**Supplied material**.
----
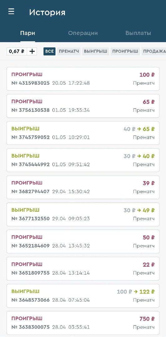 Отметить стоит лишь один интересный факт: в разделе «Мои пари» отображаются только нерассчитанные купоны, а для отображения истории ставок необходимо выбрать пункт меню под названием «Пари, операции, выплаты». Это нельзя назвать минусом, но решение не самое очевидное, особенно для новичков.
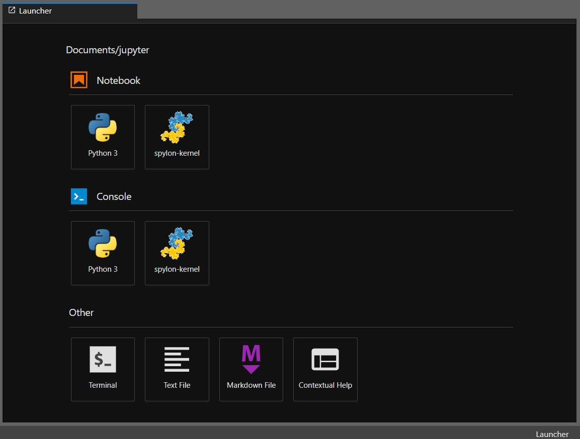 python -m spylon_kernel install설치가 완료된 다음에 Jupyter Lab을 새로고침하면 메인 화면에 스파크 커널이 추가된 것을 확인할 수 있습니다.
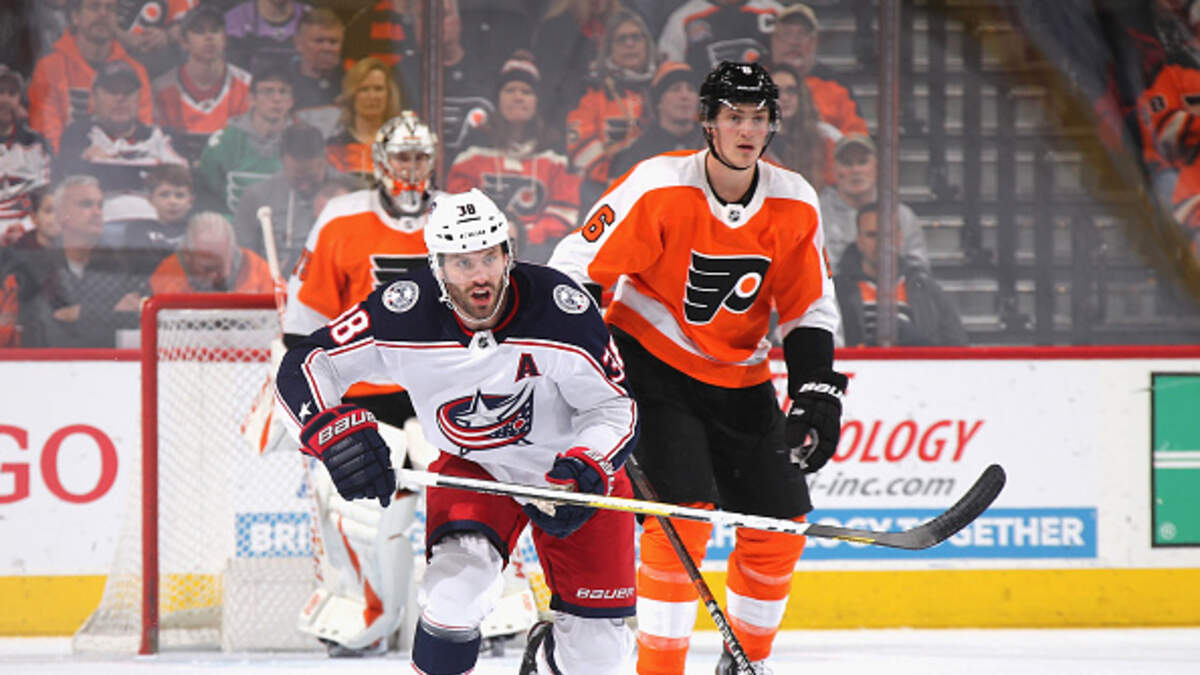 Nick Foligno and Oliver Bjorkstrand each had a goal and an assist for Columbus in the first period but two unanswered scores in the second by the Flyers tied it up.
----
**Task description**.
Skip the images and set down the rest of the data unchanged.

**Response**.
 Отметить стоит лишь один интересный факт: в разделе «Мои пари» отображаются только нерассчитанные купоны, а для отображения истории ставок необходимо выбрать пункт меню под названием «Пари, операции, выплаты». Это нельзя назвать минусом, но решение не самое очевидное, особенно для новичков.
 python -m spylon_kernel install설치가 완료된 다음에 Jupyter Lab을 새로고침하면 메인 화면에 스파크 커널이 추가된 것을 확인할 수 있습니다.
 Nick Foligno and Oliver Bjorkstrand each had a goal and an assist for Columbus in the first period but two unanswered scores in the second by the Flyers tied it up.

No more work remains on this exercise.